Start of Block

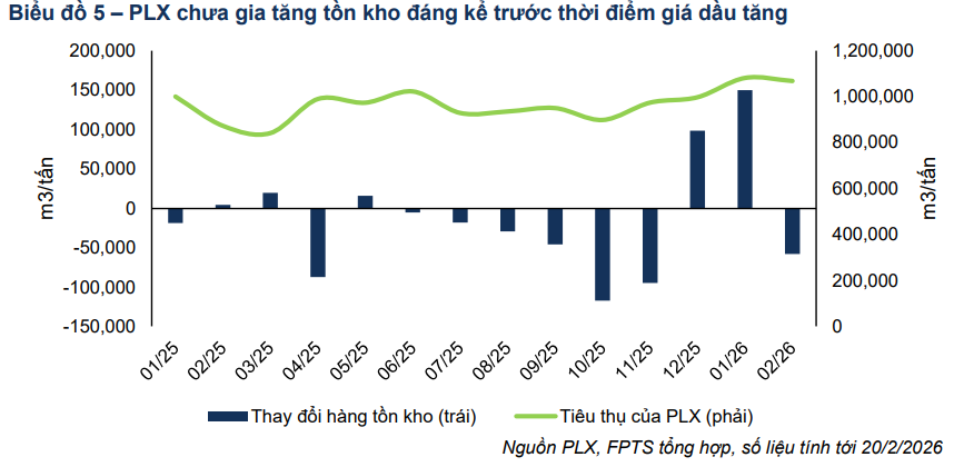 Theo số liệu cập nhật đến ngày 20/2/2026, FPTS chưa nhận thấy PLX gia tăng lượng hàng tồn kho đáng
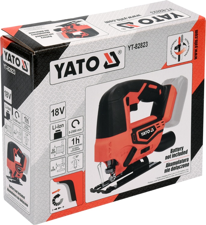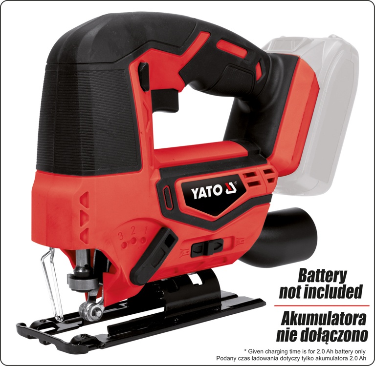 18V JIG SAW; SPEED: 0-2500 SPM; STROKE: 20MM; PENDULUM; CUTTING DEPTH: 50MM IN WOOD; 5MM IN METAL; DUST BLOW FUNCTION; ADJUSTABLE BASE 0-45 DEGREES; PARALLEL CUTTING GUIDE INCLUDED; 1PC BLADE 75MM FOR WOOD INCLUDED; WITHOUT CHARGER AND BATTERY
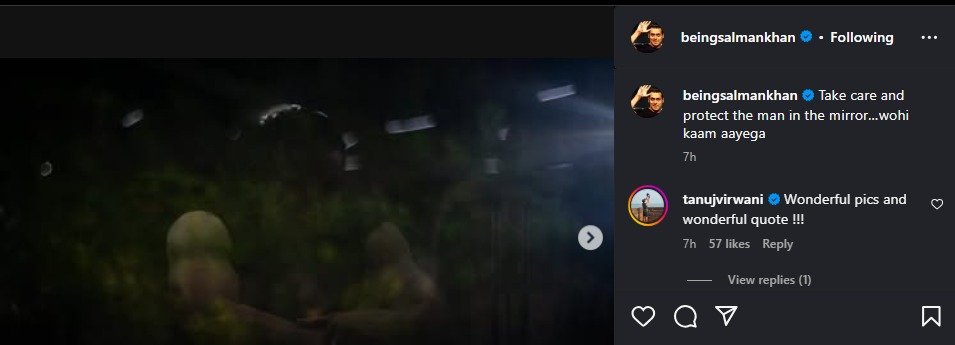 सलमान खान ने अपनी तस्वीर शेयर करते हुए लिखा है- ”अपना ख्याल रखो, जो मिरर में दिखता है उसे बचाकर रखो… वही काम आएगा।”
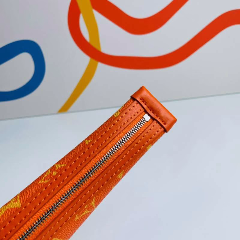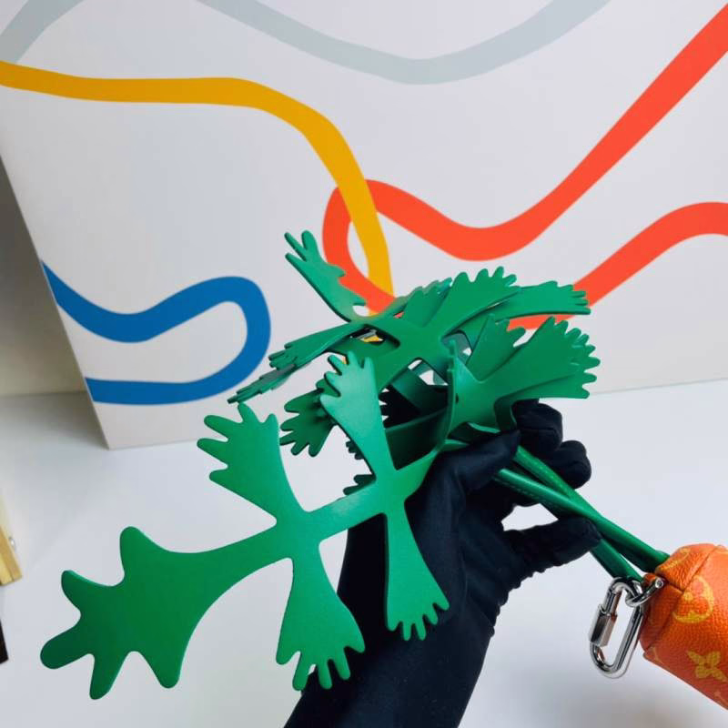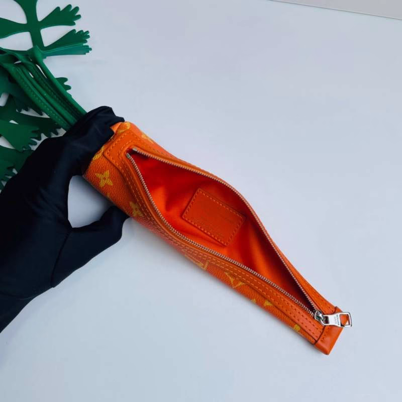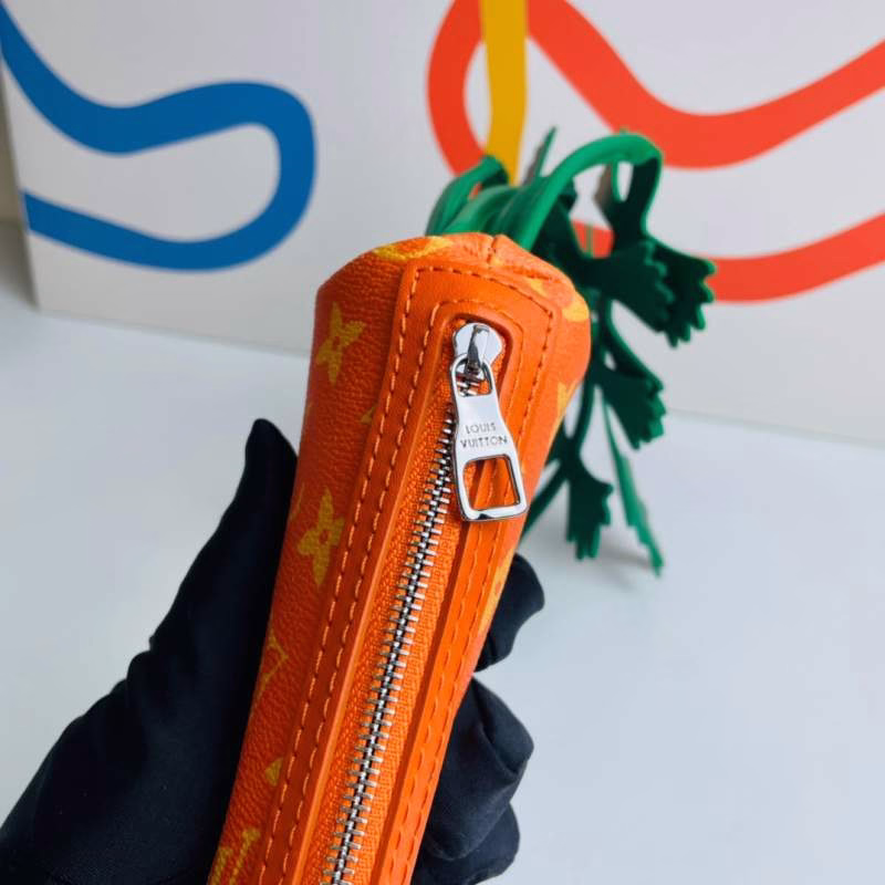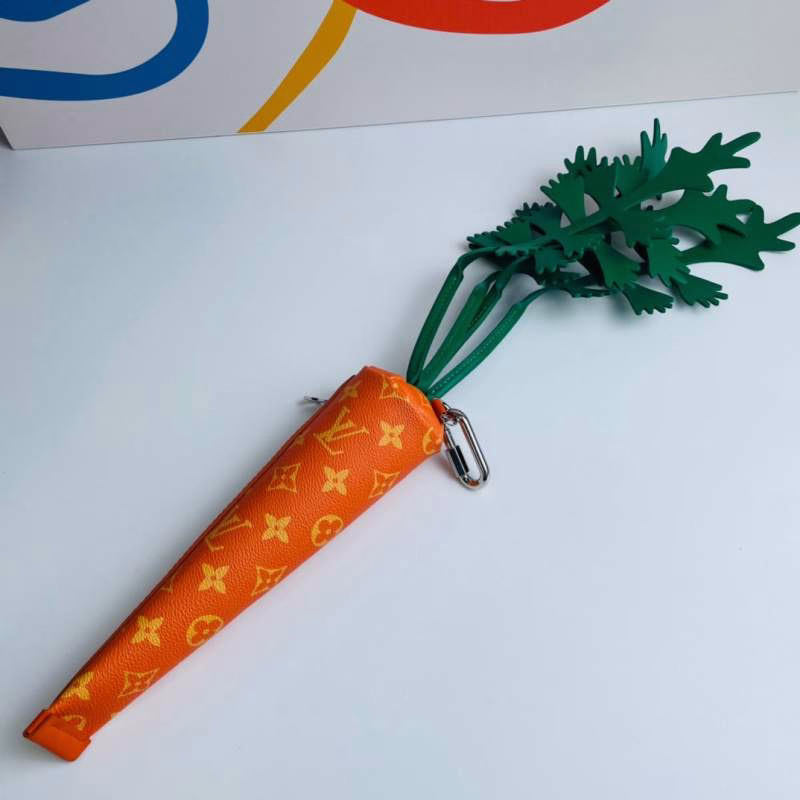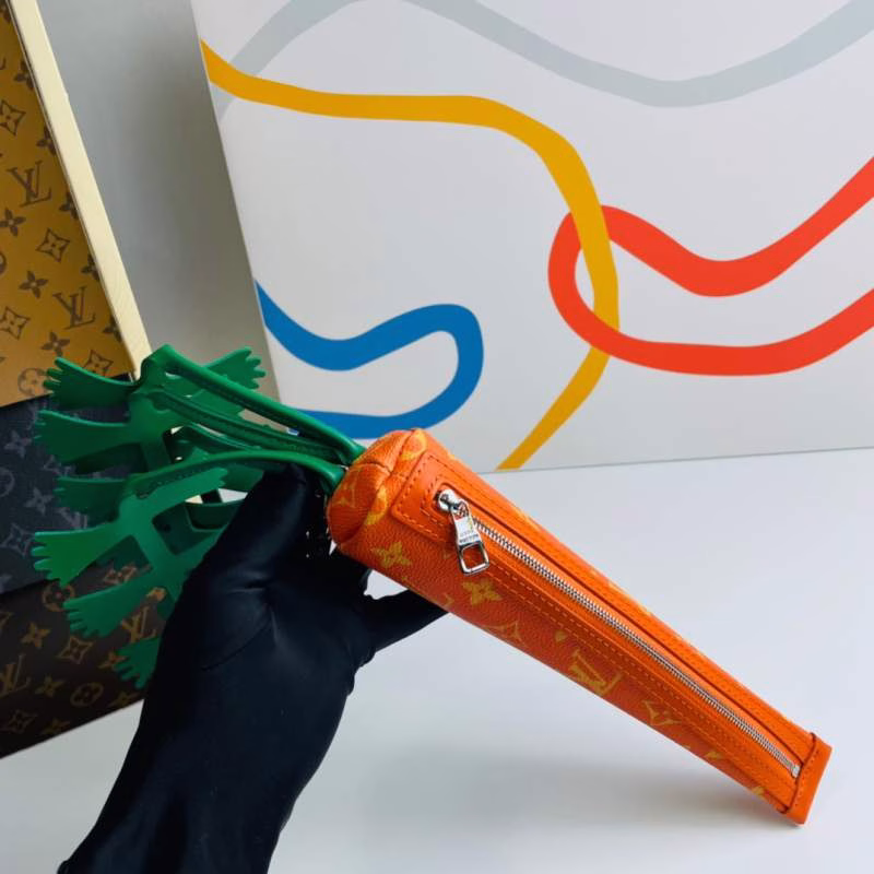 LV Louis Vuitton’s Virgil Abloh presents the Carrot clutch for the 2021-22 Fall/Winter runway show. Crafted from Monogram canvas in a compact carrot shape, it is paired with leather “leaves” and can be attached to other handbags via a spring clasp, exuding playful charm.

End of Block

* Brief:
Return the listing unchanged, but drop every picture.

* Expected output:
 Theo số liệu cập nhật đến ngày 20/2/2026, FPTS chưa nhận thấy PLX gia tăng lượng hàng tồn kho đáng
 18V JIG SAW; SPEED: 0-2500 SPM; STROKE: 20MM; PENDULUM; CUTTING DEPTH: 50MM IN WOOD; 5MM IN METAL; DUST BLOW FUNCTION; ADJUSTABLE BASE 0-45 DEGREES; PARALLEL CUTTING GUIDE INCLUDED; 1PC BLADE 75MM FOR WOOD INCLUDED; WITHOUT CHARGER AND BATTERY
 सलमान खान ने अपनी तस्वीर शेयर करते हुए लिखा है- ”अपना ख्याल रखो, जो मिरर में दिखता है उसे बचाकर रखो… वही काम आएगा।”
 LV Louis Vuitton’s Virgil Abloh presents the Carrot clutch for the 2021-22 Fall/Winter runway show. Crafted from Monogram canvas in a compact carrot shape, it is paired with leather “leaves” and can be attached to other handbags via a spring clasp, exuding playful charm.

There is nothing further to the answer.